On the other hand, the growth of MA’s ARR remained healthy at 10%, with 11% of that growth coming from decision solutions in the banking, insurance, and KYC. Management has restated their target growth of 10% for MA revenue in FY23.
Overall, I think MCO reported a very good 2Q23 result. Although the 2Q’s strong performance was due in part to a pull-forward in debt issuance activity (for more information, see the 2Q23 earnings call), I anticipate a net improvement in overall issuance this year as a result of the factors I’ve already mentioned. Long-term improvements in MIS and MA revenue and margin performance can be also expected given MCO’s expanding generative AI initiatives (read on for more details).
Investment in AI
Management’s interest in utilizing AI to enhance the company’s business model is encouraging. You can see it with even the most basic search of the 2Q23 earnings transcript (many references to AI). Management is pushing forward with a generative AI strategy fed by its own data and Microsoft (MSFT), which I anticipate will eventually boost MIS and MA’s bottom lines and profit margins. Since MCO data will be integrated into MSFT applications, I believe that MCO has greatly increased the number of potential customers it can reach as a result of this partnership. This is beneficial for both companies because MCO’s LLMs will be powered by MSFT’s validated data sets and proprietary databases like Orbis, resulting in more accurate results and fewer false positives. The man in charge of this project at MCO used to work for Microsoft, so I don’t think there will be any problems with its implementation.

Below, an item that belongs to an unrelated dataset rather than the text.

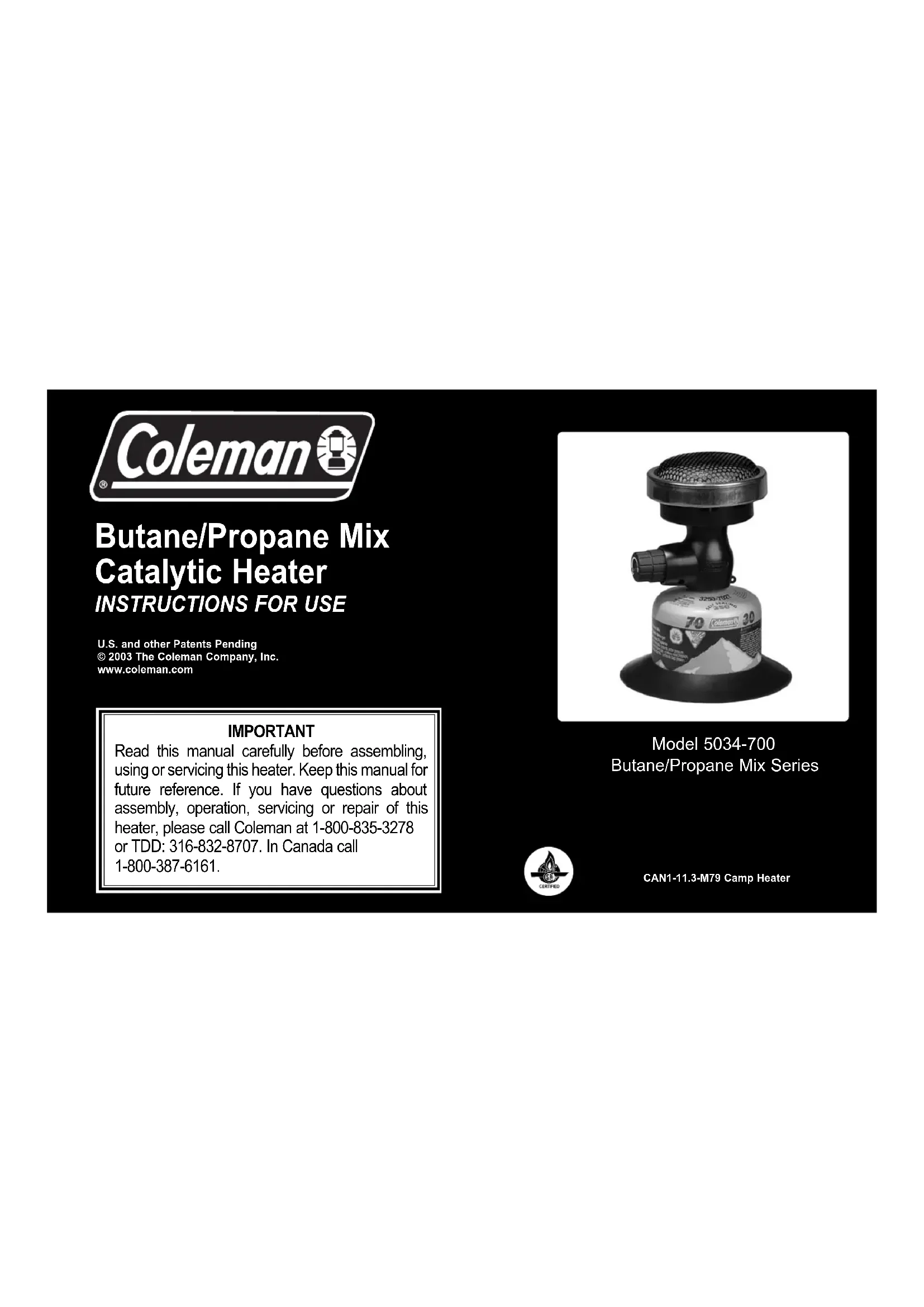 Model 5034-700 Butane/Propane Mix Series CAN1-11.3-M79 Camp Heater U.S. and other Patents Pending © 2003 The Coleman Company, Inc. www.coleman.com IMPORTANT Read this manual carefully before assembling, using or servicing this heater. Keep this manual for future reference. If you have questions about assembly, operation, servicing or repair of this heater, please call Coleman at 1-800-835-3278 or TDD: 316-832-8707. In Canada call 1-800-387-6161.2 Contents General Safety Information To Set Up To Light To Tur n Off To Store Things You Should Know Replacement Parts List Warranty This manual contains important information about the assembly, operation and maintenance of this heater. General safety information is presented in these first few pages and is also located throughout the manual. Particular attention should be paid to information accompanied by the safety alert symbol “ DANGER”, “ WARNING”, “ CAUTION”. Keep this manual for future reference and to educate new users of this product. This manual should be read in conjunction with the labeling on the product. Safety precautions are essential when any mechanical or LPG (liquefied petroleum gas) equipment is involved. These precautions are necessary when using, storing, and servicing. Using this equipment with the respect and caution demanded will reduce the possibilities of personal injury or property damage. The following symbols shown below are used extensively throughout this manual. Always heed these precautions, as they are essential when using any mechanical or propane fueled equipment. General Safety Information Warning

“And we have appointed a Chief Architect with 20-plus years of experience at Microsoft who is developing an overall technology architectural blueprint, and he is who — he is building out our platform engineering layer.” 2Q2023 earnings
I believe MCO can grow FCF at 10% annually in the growth stage, just as it has done so for the past years (average growth of around 10% historically). There should be no issues for MCO to grow its top line in the high single digits, as I expect capital markets health to recover eventually, and MCO to track back to historical levels. Given the scalability and high incremental margin nature of MCO businesses, I expect margins to improve over time as well. Putting it together, a combination of high-single-digit revenue growth and margin expansions should easily translate to ~10% FCF growth.
Risk and final thoughts
The debt capital market is notoriously unpredictable due to its high degree of volatility. Transactions account for the bulk of the MIS segment’s revenue generators. High incremental margins are typical for credit rating agencies, but it’s important to remember that transactional revenues also typically display high decremental margins. As a result, MA will be hit hard if the capital market situation worsens again, like what happened in 2022.

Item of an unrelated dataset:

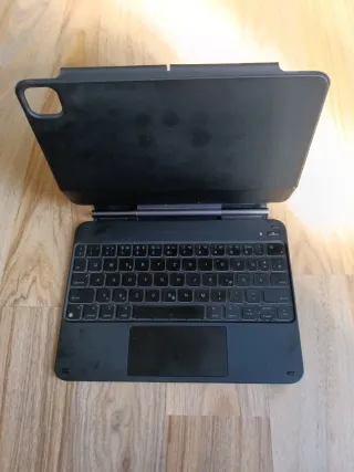 Funda protectora con teclado integrado para ipad Air de 13 pulgaras. En perfecto estado y con embalaje original. - Diseño elegante en color gris. - Teclado retroiluminado. - Trackpad multitáctil. - Soporte ajustable para visualización. Tiene la letra V un poco floja, depende de como pulses se mueve un poquito, es el único defecto que tiene. Precio original 255€

In conclusion, based on the better than expected performance in the second quarter of 2023, I recommend a long position on MCO. The revenue growth of 8.2% exceeding expectations, along with the positive outlook for issuance revenue and ratings, indicates a potential return to a normalized environment in the debt issuance market. Additionally, management’s focus on generative AI initiatives further supports the positive investment outlook.